Dimdiktir zeytin ağacı. Taproot’u, başka bir deyişle, ana kökü güçlüdür. İnsanın da taproot’u vardır. O dik ana kök, bilinçaltıdır. İç dünyasının en derin, sabit ve besleyici kısmıdır. Düşünceler, duygularla beslenerek derinleşmeye çalışır. Bilinçaltındaki karanlıklar, sisler, insanın davranışlarına çoğu zaman sessizce işler, fark etmeden yönlendirir.
Zeytin ağacının taproot’u, bilinçaltının derinliğindeki izlere benzer. Oradan beslenir ama yaşamın tüm sırlarını da taşır. Dallar ve yapraklar rüzgârda salınırken, görünürdeki her hareketin kökeninde derinlik vardır. Zeytin ağacı, göçün hafızasıdır. Toprağın altında saklanan hatıraları, sürgünlerin izini ve ısrarcı bir direnci taşır.
İnsan da bir yansımadır. İç dünyasında derinleştikçe, genişler. Boşluklar çoğalır. Hem doluluğun hem de eksikliğin içinden büyür. Eksiklik iyidir. İnsanın genişlemeye açık alanıdır. Arayışı doğuran, tohumdur. Hem eksiklik, göçün de tohumudur.
Tohum, yalnızca bitkilere ait değildir. Bazen bir böcek de tohum gibi yerin altında sabırla bekler. Ağustos böceği,yıllarca toprağın koynunda sessizce kalır. Sonra bir yaz günü yüzeye çıkar ve varlığını haykırır. Bu durum, göçtür. Karanlıktan aydınlığa, içten dışa, bekleyişten varoluşa giden acı bir göç.
Ve o göç, aslında eksikliktir. Ardında bıraktığı toprağın, tutunduğu dalların eksikliği. Tutunduğu kökten kopmadır. Başka bir dili kullanmaya başlamasıdır.
Eksiklik o bekleyişin sabrıdır. Göç ise, eksikliğin içinden doğan özgürlüğün kanat açmasıdır. Zeytin ağacı hepsini bilir. Böceğe sabrı, göçün acısını, hafızayı fısıldar. Dallarında ona yer açar.
Ağustos böceği, eksikliğini fark eder ve tamamlanmak için çabalar. Arayış içindedir. Ötekini bulmak ister.

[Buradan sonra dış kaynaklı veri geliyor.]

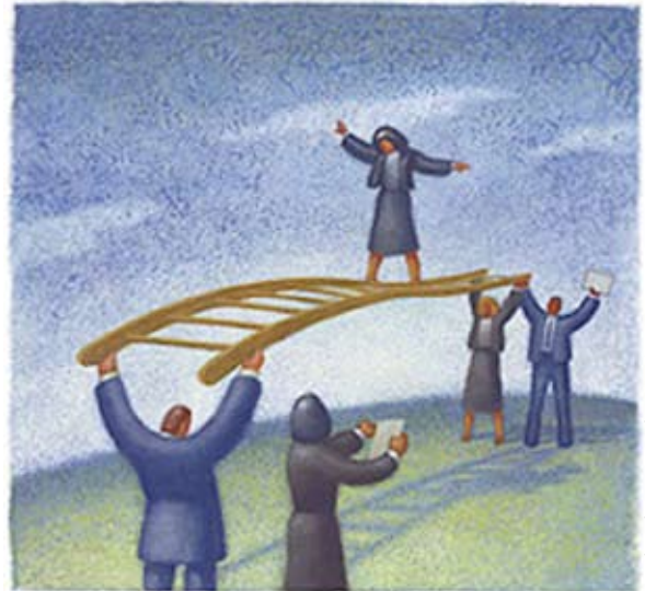
Tendiendo puentes. Ilustración.

«El gran desafío del hombre moderno es conseguir una comunicación mejor con el Monitor divino que mora dentro del alma humana. La mayor aventura del hombre en la carne consiste en el esfuerzo bien equilibrado y sensato por hacer avanzar las fronteras de la autociencia para atravesar hasta más allá de los reinos
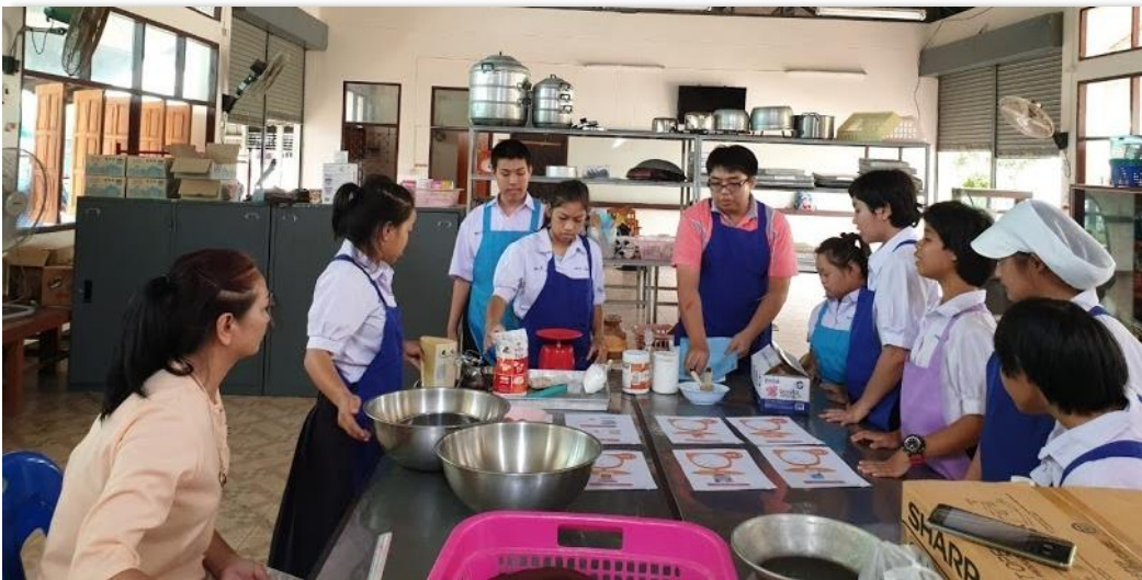
ภาพที่ 40 การเรียนรู้งานอาชีพการทำขนม จากฐานการเรียนรู้อาชีพที่โรงเรียนจัดขึ้น โดยมีครูคอยให้ความรู้ และดูแลอยู่ประจำฐาน

สถานศึกษาสามารถนำรายวิชาพื้นฐานอาชีพ รายวิชาเพิ่มเติมอาชีพ มาจัดการเรียนรู้ โดยมีเนื้อหาที่สอดคล้องกับฐานการเรียนรู้ที่มีในสถานศึกษา หรือใช้ฐานการเรียนรู้อาชีพเป็นแหล่งเรียนรู้ อาชีพตามความสนใจหรือความเหมาะสมในศักยภาพที่นักเรียนจะเรียนรู้ได้ โดยจัดแผนการจัดการเรียนรู้ ที่สอดคล้องกับฐานการเรียนรู้ เตรียมให้นักเรียนได้เรียนรู้และฝึกปฏิบัติงานอาชีพในฐานการเรียนรู้ ที่จัดเตรียมไว้ อาจหมุนเวียนกลุ่มนักเรียนเข้าศึกษาหาความรู้จากฐานการเรียนรู้ ปฏิบัติกิจกรรมต่าง ๆ ตามแต่ละฐานการเรียนรู้ภายใต้การดูแลของครูหรือผู้ที่มีหน้าที่ ประจำฐานการเรียนรู้ที่จะให้คำแนะนำ อำนวยความสะดวกในการเรียนรู้และประเมินผลการเรียนรู้ของนักเรียน

Göç, tamamlanma çabasıdır. Ötekiyle kavuştuğunda, dallar rahim olur. Yapraklar ise üstüne örtülen şefkatli bir perde. Yeni bir göç başlamıştır. Toprağa düşen küçük göçmen, köklerin görünmez kollarında saklanır. Kökler, sessizce sahip çıkar ve onu yeraltının gizli uykusuna emanet eder.
Zeytin ağacı ona usulca fısıldar: “Kendi içindeki karanlıkta dönüşürsün. Varoluşun yaralayıcıdır.” Dili gizemlidir. Dinlemeyi bilenler duyar o sessiz dili. Her söz, herkese değildir.

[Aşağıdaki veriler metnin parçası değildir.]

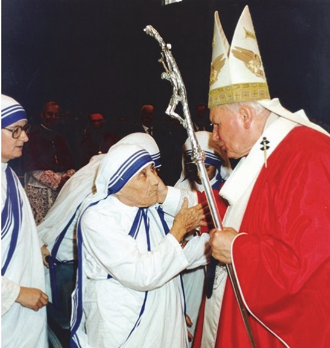
Папата Јован Павле II и Мајка Тереза
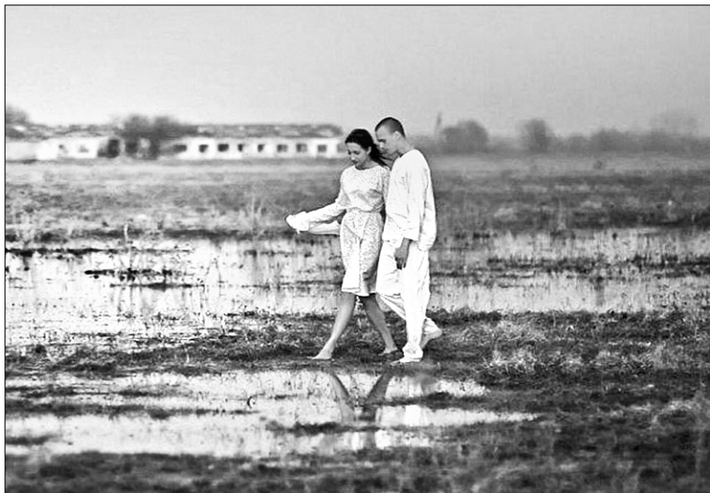
Стрічка "Уроки української" показує драматичне кохання молодої вчительки і хлопця-шахтаря
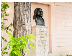
Johann Sebastian Bach

In den vergangenen Jahrhunderten machten sich zahlreiche Komponisten Weimar zur Wahlheimat. Johann Sebastian Bach prägte in der Zeit von 1708 bis 1717 das musikalische Leben und den Ruf Weimars als Musikerstadt. Ab 1848 lebte Franz Liszt als Hofkapellmeister in der Altenburg und lud die europäische Musikszene dorthin ein. Bach und Liszt - heute auf der ganzen Welt ein Begriff - waren nicht die einzigen Musiker, die sich Weimar als Schaffens- und Lebensort erwählten. Einer der berühmtesten Klaviervirtuoson seiner Zeit, der Komponist Johann Nepomuk Hummel, wirkte fast zwanzig Jahre in Weimar. Richard Strauß wiederum erlebte in Weimar eine Zeit des Reifens. Hier wurden seine Sinfonischen Dichtungen "Don Juan", "Macbeth" und "Tod und Verklärung" uraufgeführt. Die Oper "Hänsel und Gretel" von Engelbert Humperdinck erlebte 1893 mit der damaligen Hofkapelle ebenfalls ihre Uraufführung.

O sırada, ağustos böceği tamamlandığını sandığı anda,varoluşun gerçekliğiyle tanışır. Acı ve ölümle karşılaşır. Ölü bedenleri dallara çivilenmiş gibi asılı kalır. Bu görüntü etkileyicidir. Eksiklik, tamamlanma, acı ve dönüşüm bir aradadır.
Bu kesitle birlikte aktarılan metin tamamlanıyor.